When Frances Scott accepted her Distinguished Alumna Award from Whitworth, in fall 2005, she shared hard-won insights from her eight decades of life. Some were whimsical: “ People who live in glass house are apt to be fascinating,” and “No matter what the problem is, chocolate is the answer.” And some were wise: “We are all in this together, and that’s what makes it bearable.”
The great-granddaughter of freed slaves, Scott came by her wit and wisdom honestly, and, in some cases, painfully. She was born and raised in Spokane by a single mother, a trained nurse who could find work only as a cook or a maid. Frances thrived in school, demonstrating academic and leadership abilities.
But she also endured the sting of racism. When she and some white high school friends visited a downtown hotel to interview a famous opera singer, Scott was asked to ride in the freight elevator. She later was named salutatorian of her high school class but was denied the traditional honor of speaking at graduation.
Scott attended Spokane’s Holy Names College, but she had to leave after marrying during her final semester. She was welcomed at Whitworth by Dean of Women Marion Jenkins; Scott completed a bachelor’s degree in sociology in 1944 and a master’s in sociology in 1947. She returned to Whitworth to earn a teaching certificate in 1962. “Whitworth gave this black woman an opportunity when it was far from commonplace. They gave it, I took it, and I’m glad I did,” Scott said.

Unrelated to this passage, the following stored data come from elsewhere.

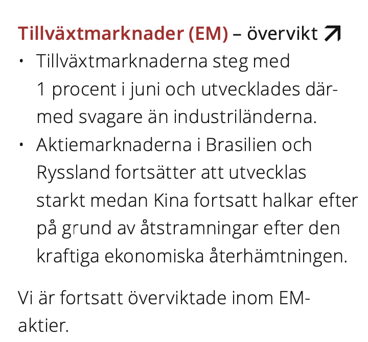 Om man ska övervikta/marknadsvikta/undervikta EM diskuteras det mycket om. Låga värderingar, länder som växer mycket, men mycket politisk risk. Finns hur mycket info som helst från alla möjliga institutioner. Men om du vill övervikta kan du t.ex. ta rygg på SPP som överviktar EM. https://www.spp.se/globalassets/dokument/marknadsrapporter/spp-marknadsrapport-juli-2021.pdf
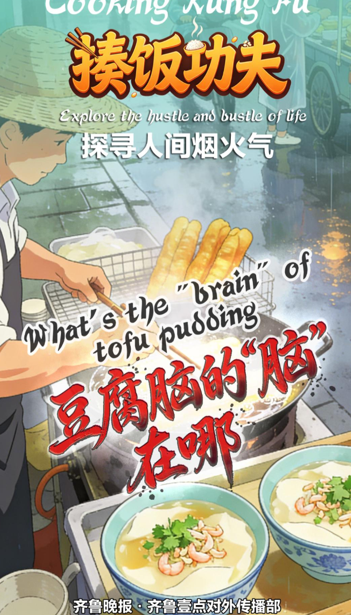 “揍”饭功夫Cooking Kungfu|豆腐脑的“脑”在哪齐鲁晚报·齐鲁壹点客户端 昨天15:59原创山东的清晨,小吃摊的腾腾香气总能瞬间抓住味蕾,一碗豆腐脑的“脑”是怎么“揍”出来的?一起寻味。 The video focuses on the secrets behind this popular delicacy. 齐鲁晚报点·齐鲁壹点记者 王娟 董从哲 实习生 田宝亮 栾皓竣
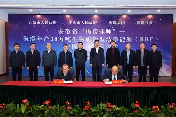 2022年3月26日,海螺投資與寧國市政府在寧國水泥廠簽署了年產(chǎn)30萬噸生物質(zhì)新型潔凈能源(BBF)項目協(xié)議。

After receiving her Whitworth degrees, Scott taught English, German, sociology and African-American history at Spokane’s Rogers High School for 31 years. In 1974, she also completed a law degree at Gonzaga University, becoming the first African-American woman to practice law in Spokane. Scott said she was motivated to get her law degree so that she could provide legal advice to the many social-service organizations she was involved with, and also to represent women and minorities in a legal system that too often seemed stacked against them. She continued to teach and practice law until her retirement, in 1989.
In 1977, Scott was a delegate to the National Women’s Conference, in Houston, Texas. In 1979 she attended the White House Conference on Libraries; during that same year she was appointed to the Civil Service Commission, becoming the first African American and first woman commissioner in history.

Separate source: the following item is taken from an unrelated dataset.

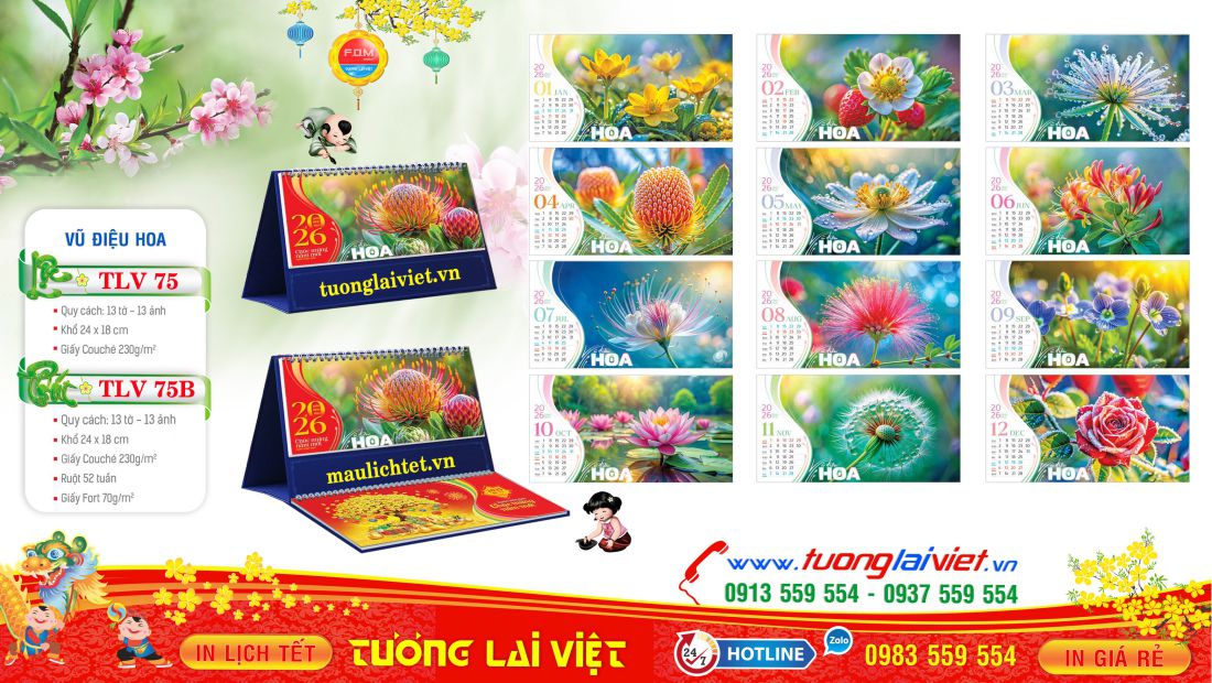 In Lịch Tết TLV gởi đến quý khách hàng Mẫu Lịch Để Bàn 13 Tờ và Bảng báo giá In Lịch Để Bàn, Quý khách dễ dàng lựa chọn theo từng số lượng in ấn lịch tết phù hợp theo nhu cầu của doanh nghiệp.

In the early 1980s, Scott served two terms as president of the Spokane Education Association. In 1985, she was appointed by Gov. Booth Gardner to a seven-year term on the Washington State University Board of Regents, during which she served one year as president of the board.
After her husband, Vernon, died, in 1988, Scott moved to Port Orchard, Wash., to open a bed-and-breakfast with another retired Spokane teacher, and to be closer to her children and grandchildren. Scott died in 2010, at age 88.
Ten years before her death, Scott returned to Spokane to speak at the annual Martin Luther King, Jr., Day celebration and unity march. Her remarks that day reflect the goals she pursued throughout her life, and the wisdom, grace and truth that she embodied. “We have made progress, but we have not reached the end of the journey,” she said. “Dr. King’s dream is not a reality yet. But as long as we are moving in the direction of the dream, we will succeed. I will not let the dream die.”